[AVAILABLE DATA]
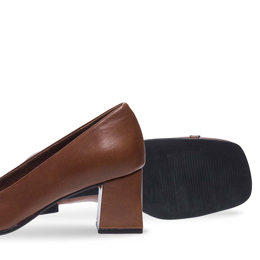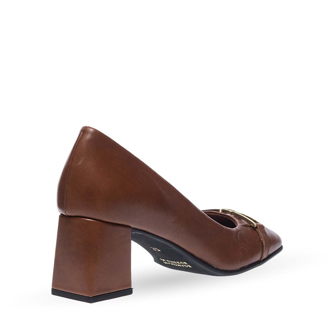 Γυναικείες γόβες Parex. Για άνετες και στιλάτες εμφανίσεις όλη την ημέρα επιλέξετε αυτό το μοντέρνο και ταυτόχρονα διαχρονικό σχέδιο γυναικείες γόβες από την Parex. Διαθέτει χαμηλό block τακούνι και αναπαυτικό δερμάτινο πάτο. Μεταλλική λεπτομέρεια στο πάνω μέρος που ξεχωρίζει. Διαθέσιμες σε μαύρο,ταμπά και κονιάκ χρώμα που θα ολοκληρώσουν το office look σας.
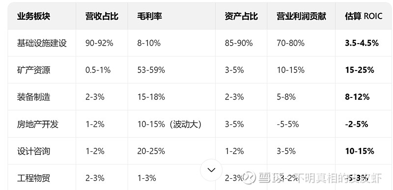 除了矿产资源、装备制造、设计咨询这些资本回报还可以之外,其他的基建、房地产开发、工程物贸,回报都很差。未来不知道公司能不能缩减这些低回报板块的投资。如果可以的话,公司承诺的分红比例30%或许能够实现。
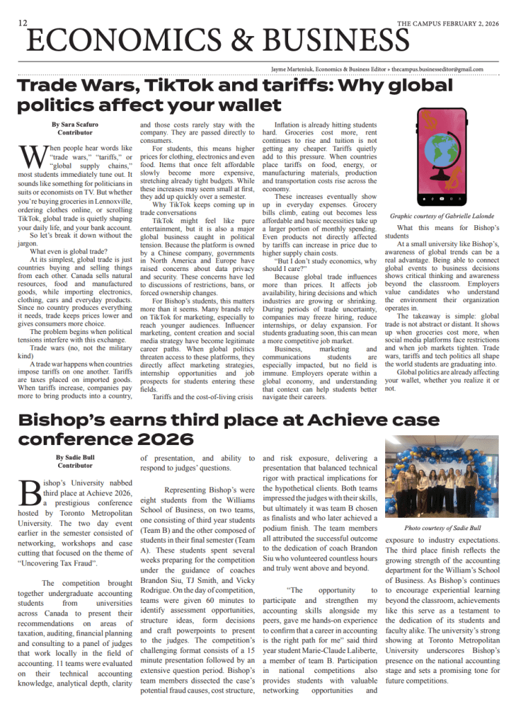 Sadie Bull – Contributor Bishop’s University nabbed third place at Achieve 2026, a prestigious conference hosted by Toronto Metropolitan University. The two day event earlier in the semester consisted of…
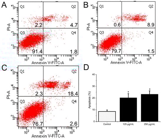 The influence of BSO on HCT116 cell apoptosis. Cells were collected after treatment and then stained with antibodies to annexin V and propidium iodide. After that, flow cytometry proceeded. BSO (125, 250 μg/mL) significantly promoted cell apoptotic. (A–C) Dot plot stained with annexin V and propidium iodide. (D) The percentages of apoptotic cells. As ± 3 replicate experiments were performed and the results were demonstrated in the form of means ± SD. * p < 0.05 versus control; * p < 0.05, versus negative control group. Q1, dead cells; Q2, dead/late apoptotic cells; Q3, normal cells;Q4, early apoptotic cells; Q2 + Q4, total apoptotic cells.
[/AVAILABLE DATA]
WHAT YOU WILL DO.
Exclude all pictures and reproduce verbatim the lines running from the line that contains "除了矿产资源、装备制造、设计" to the end of the data above, both ends included.

THE COMPLETED TASK.
 除了矿产资源、装备制造、设计咨询这些资本回报还可以之外,其他的基建、房地产开发、工程物贸,回报都很差。未来不知道公司能不能缩减这些低回报板块的投资。如果可以的话,公司承诺的分红比例30%或许能够实现。
 Sadie Bull – Contributor Bishop’s University nabbed third place at Achieve 2026, a prestigious conference hosted by Toronto Metropolitan University. The two day event earlier in the semester consisted of…
 The influence of BSO on HCT116 cell apoptosis. Cells were collected after treatment and then stained with antibodies to annexin V and propidium iodide. After that, flow cytometry proceeded. BSO (125, 250 μg/mL) significantly promoted cell apoptotic. (A–C) Dot plot stained with annexin V and propidium iodide. (D) The percentages of apoptotic cells. As ± 3 replicate experiments were performed and the results were demonstrated in the form of means ± SD. * p < 0.05 versus control; * p < 0.05, versus negative control group. Q1, dead cells; Q2, dead/late apoptotic cells; Q3, normal cells;Q4, early apoptotic cells; Q2 + Q4, total apoptotic cells.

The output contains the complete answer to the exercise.